Ihre Mutter hatte das Wohnzimmer in braun gehalten, da sie die Möbel noch mit ihrem verstorbenen Mann gekauft hatte. Jenny hatte ihren Vater nie kennengelernt und kannte ihn nur von den Erzählungen ihrer Mutter. Aber das Wohnzimmer konnte sie langsam wirklich nicht mehr sehen. Klar, dass ihre Mutter daran hing, aber irgendwann musste sie ja mal einen Schlussstrich ziehen, und wenn es nur mit neuen Möbeln war. Das einzige Möbelstück, an dem sie auch hing, war die alte Vitrine, in der ihre ganzen Auszeichnungen von den Sportwettkämpfen standen, aber von allem anderen hätte sie sich schon längst getrennt. Sie hatte lieber weiß und Lila und genauso hatte sie auch ihr Zimmer eingerichtet. Die Wände weiß und die Möbel lila und so fühlte sie sich pudelwohl. Das war doch die Hauptsache, oder?

„Ich habe eine gute Idee! Als Belohnung darfst du dir heute das Essen aussuchen, na, wie ist das?“, strahlte Laura und ignorierte damit die Aussage ihrer Tochter. Auch wenn sie wusste, dass Jenny Recht hatte, aber es fiel ihr trotz allem immer noch schwer, sich von diesen Sachen zu trennen. Sie waren das Einzige, was sie noch von ihrem Mann hatte. Vielleicht irgendwann, wenn sie soweit war, würde sie ihre Wohnung neu einrichten.

„Ok, dann gibt es heute Abend Pizza!“, jubelte Jenny. Eines ihrer Ausnahmegerichte. Da sie viel Sport trieb, musste sie eben auf einige Lebensmittel verzichten. Aber heute hatte sie sich das wirklich verdient.

„Oh Mann, hab ich den Bauch voll!“ Jenny räkelte sich auf ihrem Bett, dass sie liebevoll mit einem Bettbezug bezogen hatte, auf dem lauter lila Herzchen waren und hielt sich den Bauch fest.

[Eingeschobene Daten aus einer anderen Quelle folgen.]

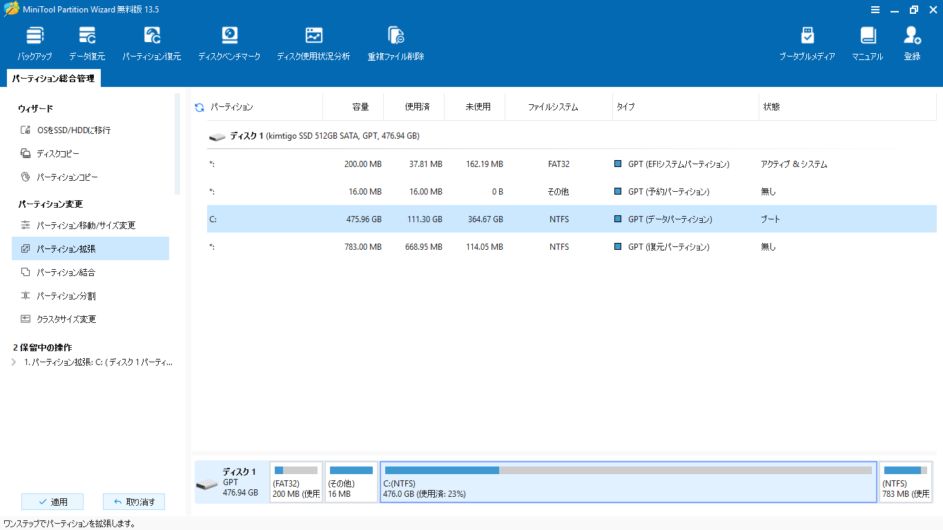 今回はMiniToolのPartitionWizardというソフトを使います。

„Das kannst du laut sagen, ich auch. Aber die war auch lecker!“, gab Tina zurück und bei den Gedanken an die leckere Pizza leckte sie sich über die Lippen.

„Oh ja. Ich glaube, morgen muss ich ein paar Extrarunden um den Sportplatz laufen, damit ich die Pfunde wieder runter bekomme!“, lachte sie.

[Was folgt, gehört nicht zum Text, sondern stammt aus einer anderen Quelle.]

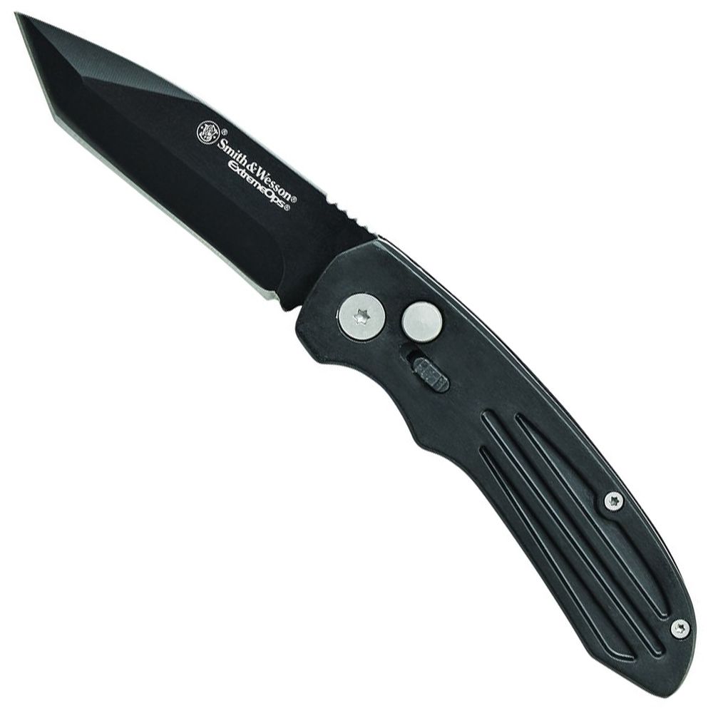 Smith & Wesson Extreme Ops Push Button Lock Folding Knife, Black 7Cr17MoV High Carbon Stainless Steel Tanto Blade with Spine Jimping, Black Aluminum Handle with Pocket Clip

„Das kannst du aber alleine machen, da behalte ich lieber die paar Pfunde!“, gab Tina schlagartig zurück.

„Keine Angst, ich hatte auch nicht vermutet, dass du mitmachst!“, lachte sie wieder.

„Da hab ich ja noch mal Glück gehabt!“ Tina strich sich den unsichtbaren Schweiß von der Stirn. Jenny lachte nur.

„Aber jetzt Mal ganz ehrlich, morgen fahren wir zu dem Ort der Legende. Hast du irgendeine Ahnung, wo das sein soll?“, strich sich Jenny eine Haarsträhne aus dem Gesicht.

„Nein, keinen Schimmer. Frau Peters macht da ein riesiges Geheimnis draus. Ich hoffe nur, dass es nicht regnet, denn darauf habe ich gar keinen Bock!“, stöhnte Tina.

„Ich glaube, das Wetter soll recht gut werden. Ich mache mir eher Gedanken darüber, dass sie uns danach einen Aufsatz schreiben lässt, da habe ich so gar keinen Bock drauf!“, grinste sie schief, sodass Tina sich bei ihrem Anblick an der Cola verschluckte.

„Davon kannst du ausgehen!“, lachte Tina und sah dabei auf ihre kleine blaue Armbanduhr.

„Oh Mann, schon so spät! Ich habe meiner Mutter versprochen, mich heute um meinen Bruder zu kümmern!“ Tina sprang von ihrem Stuhl auf und zog sich hastig die Jacke an.

„Alles klar, wir sehen uns ja morgen!“ Jenny brachte sie noch zur Tür und winkte ihr übertrieben zum Abschied.